After creating the multi-layered multi-generational story of Homegoing, Yaa Gyasi´s second Transcendent Kingdom is equally a story, but with a more philosophical focus.
Ghanaian-American Gifty, PhD candidate in neuroscience at the Standford University School of Medicine studies the ´neural circuits of reward-seeking behavior´. Her mother, a fervent believer, suffers of chronical depression after her brother died of overdose. Surrounded by her mother´s religious fervor, Gifty grew interested in ´math and science, where the rules are laid out step by step, where if you did something exactly the way it was supposed to be done, the result would be exactly as it was expected to be´. Although not a practicant any more, she used to write letters to ´Dear God´ and will keep visiting places of worship, as many people who although left organised religion cannot break completely all the bridges of the soul.

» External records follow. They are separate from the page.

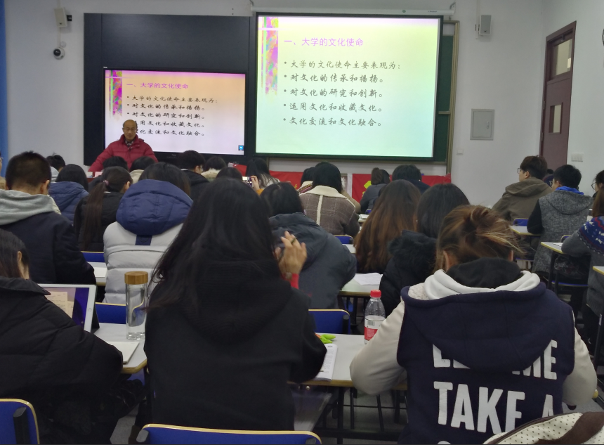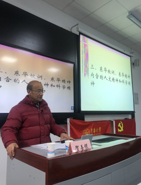 2018年12月11日,91直播 91直播 2018年预备党员培训班学员在一教210聆听了一场主题为“东华校训与东华精神”的党课。主讲人关工委讲师团成员贺善侃教授从东华的校训和东华精神出发,深入探究和剖析校训的文化起源和内涵,鼓励每一位东华人践行东华精神,做杰出东华人。贺教授生动又深刻的演讲,让每位学员对东华校训和精神有了更深的解读。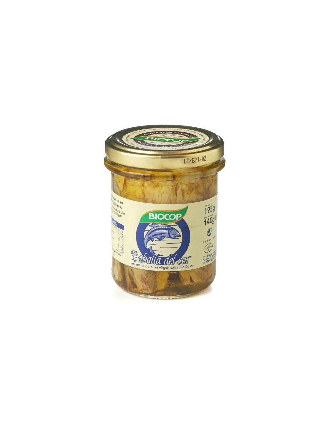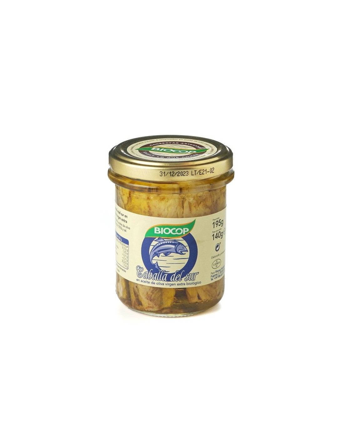 Ingredientes:Caballa, aceite de oliva virgen extra* 35%, sal marina. (*) De cultivo ecológico.Valor nutricional por 100 gramos: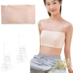 JUJUGOのチューブトップは、キッズ向けのパッド付きスポーツトップです。透明ストラップ付きでずれにくく、通学やダンス、体育に最適。綿100%で吸汗性が高く、肌触り良好。ジュニアインナーとしてもおすすめ。ベージュ色、大人の成長期に合わせたデザインです。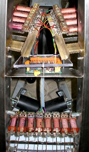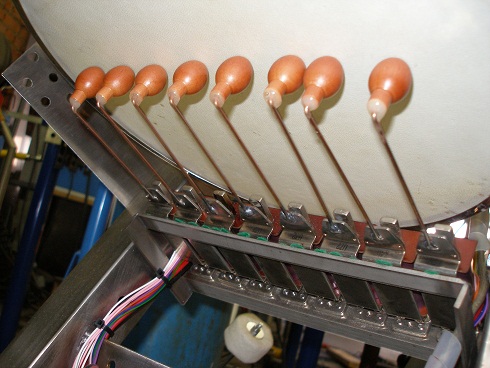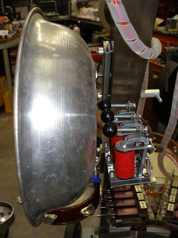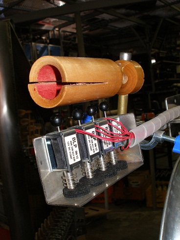 Sixteen beaters (two sets of four and one set of eight) make use of modified relay solenoids. These can operate pretty fast and are very suitable for rolls. The tips of these beaters are made of exotic wood.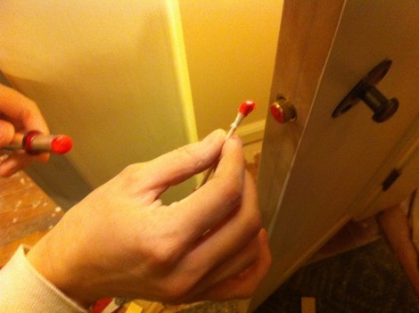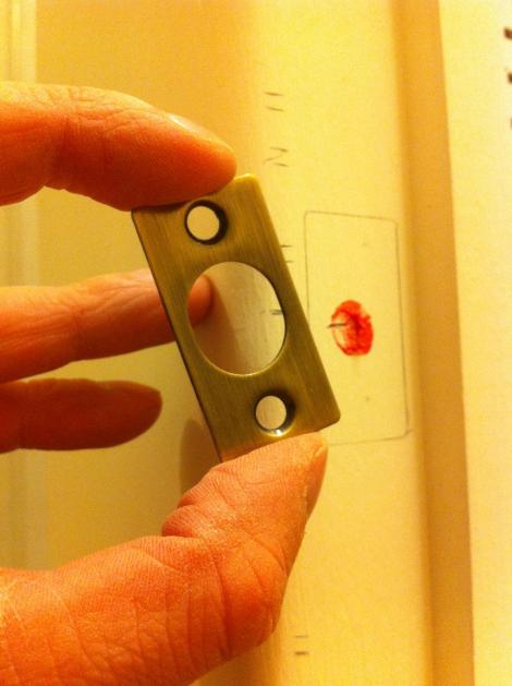 Here’s a trick for locating the strike plate in the jamb. Put lipstick on the end of the lock…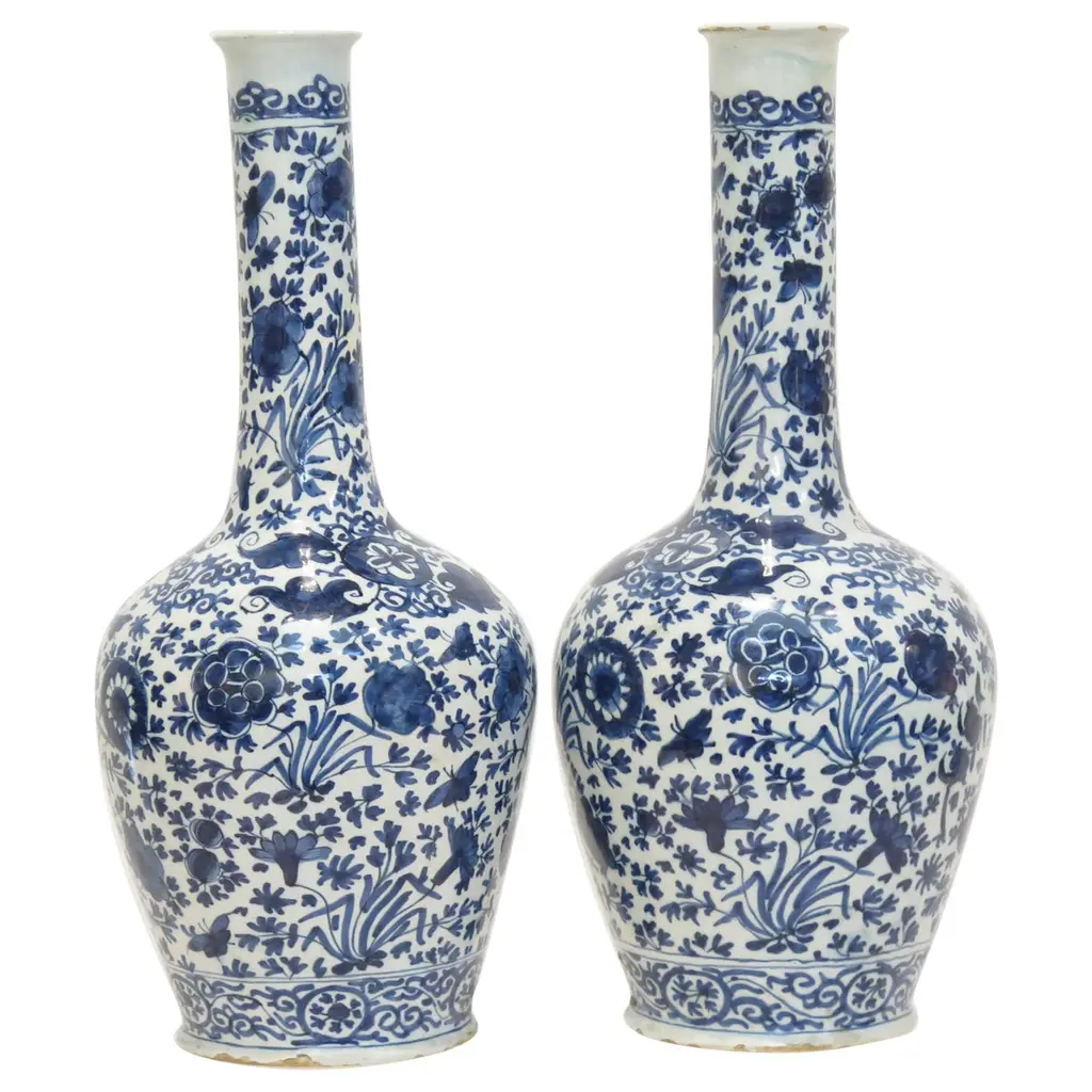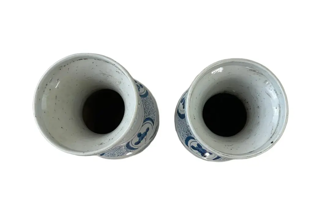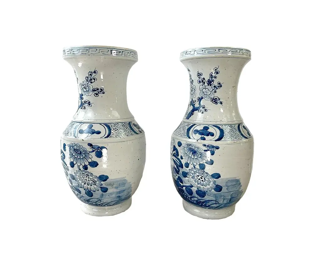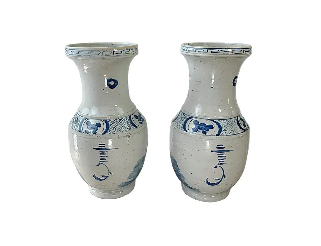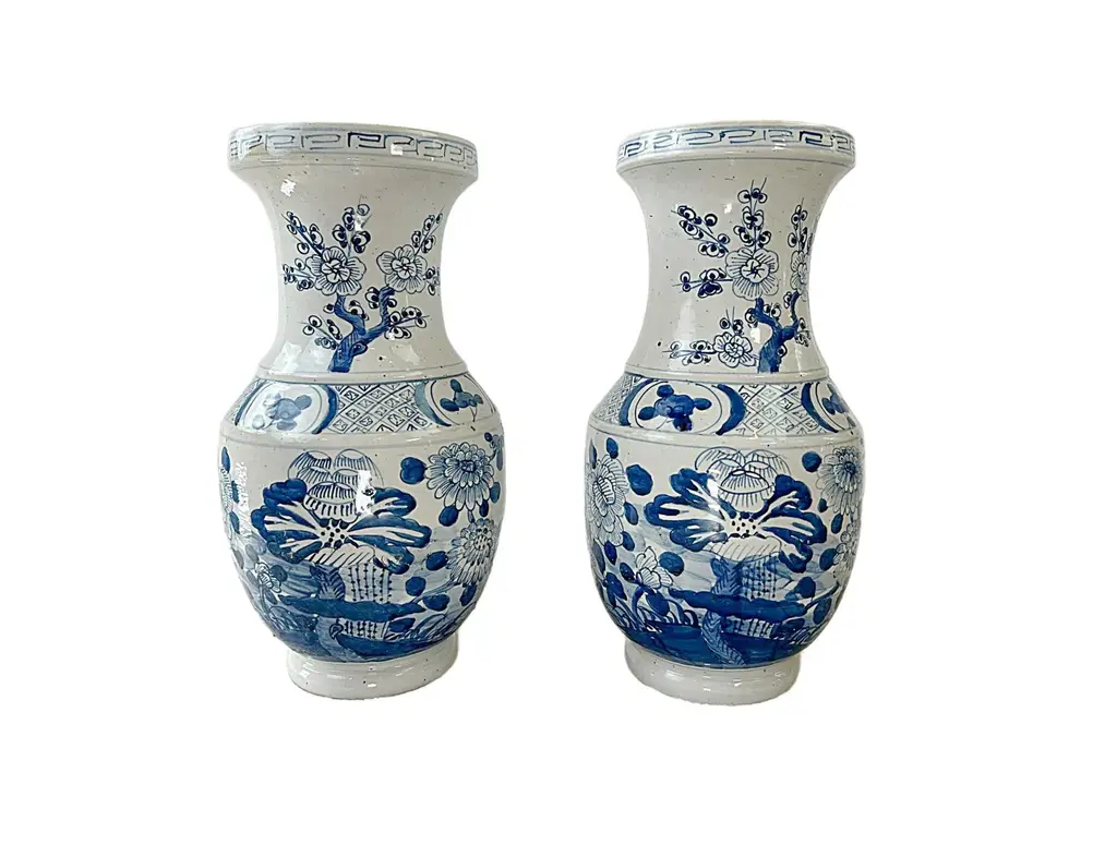 This is a pair of Indigo and Bone White Chinoiserie vases. These vases are hand made with a "foot stomp" process and hand painted in a botanical pattern that stretches around each vase. This is painted in a watercolor style where the blue is diluted or saturated to create a beautiful washed or deeper hue. This is about 15 inches high and about 8 inches wide. They would be incredible on a mantel or console and would look fantastic with other blue and white porcelain! The Dimensions: 15"H x 8"W, 6.5" at opening. 5.5" at base. This vase has a vintage patina, but new. These often have minor imperfections during the foot-stomp process. They are made to look antique and you will find small cracks, small divots etc. that add to their appearance. This is made in China and hand painted. These are new.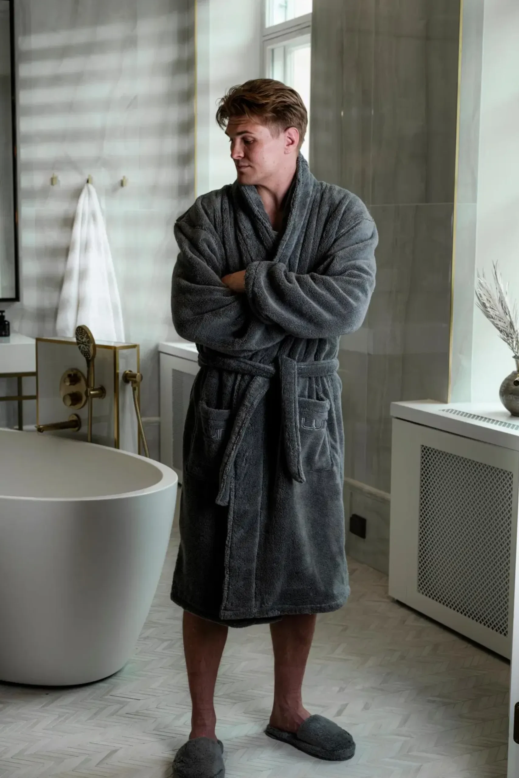 Tämä ylellisen muhkea kylpytakki on modernia suomalaista designia sinulle, joka tykkäät hemmotella itseäsi. Kylpytakki on valmistettu Luin Livingin Your Home – Your Spa -tuoteperheen omasta pyyhemateriaalista, joka on ylellisen pehmeää ja erittäin imukykyistä 100 % puuvillaa. Kylpytakissa on suuret taskut joissa on tyylikkäät metallihohtoiset brodeeraukset. Lisäksi vyö on kätevästi kiinni takin selkämyksessä. Materiaalin ylellisyys sekä harmoninen värimaailma tuo todellisen spatunnelman jokaiseen kotiin.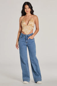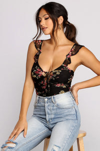 Channel romance in a lacy bodysuit that brings the charm. The bodysuit features a plunging scoop neckline, ruffled shoulder straps, and a floral print bodice. Complete look with high waist jeans.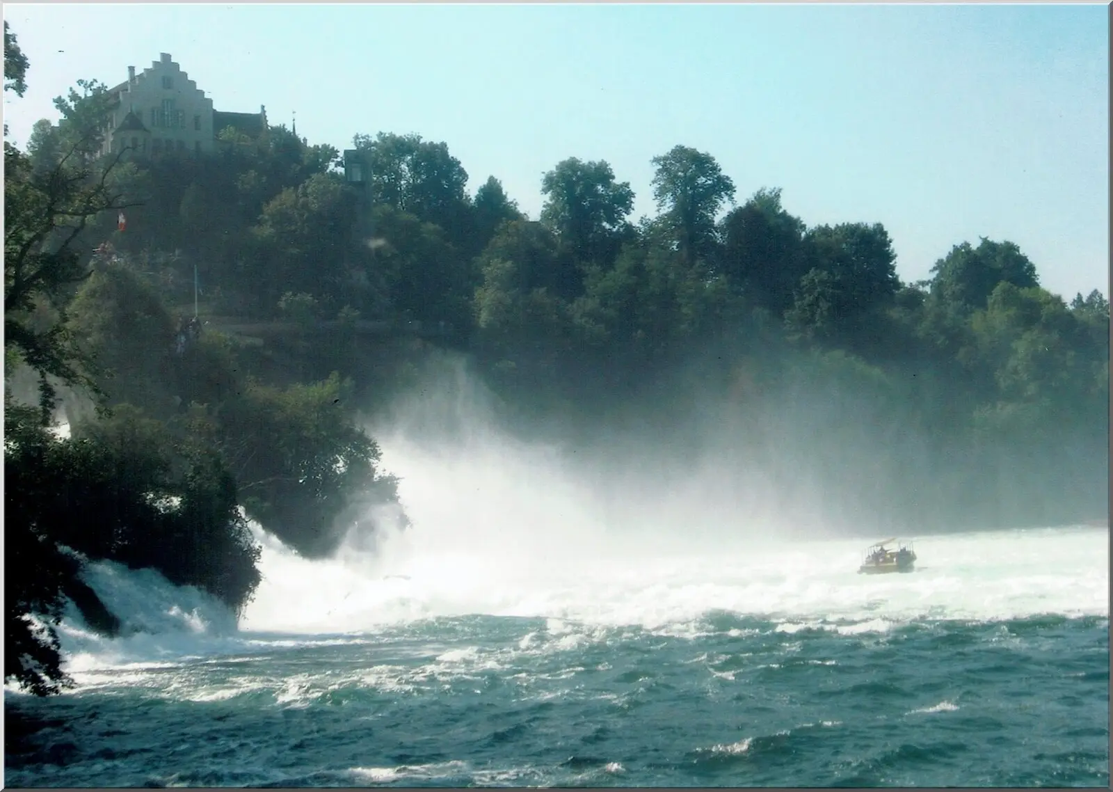 Landschaft mit Wasserfall umgeben von Bäumen und kleinen Felsen. Diese DIN A6 Motiv Postkarte drucken wir exklusiv auf einem350gr Postkartenkarton. Die Rückseite ist mit jedem Stiftgut zu beschreiben.

The novel is developing on different levels the question of how and why we keep longing for things that may harm us. Either the actual drug or the spiritual one - the religion - may not bring us happiness, and may either achieve the opposite of it, however our brains may long for its nurture.
I loved how such fundamental question and topic are build as part of the story, with care and attention and fine human consideration. It may not lead to a conclusion but philosophically it request your brain to think about it. Keeping your mind busy with thinking may be also a sort of drug.
For those interested in more linguistic context, there are frequent mentions and references to Twi language - languages are my drugs of choice too.
Yaa Gyasi is one of the best articulated storytellers of her generation and I can´t wait to read her new story.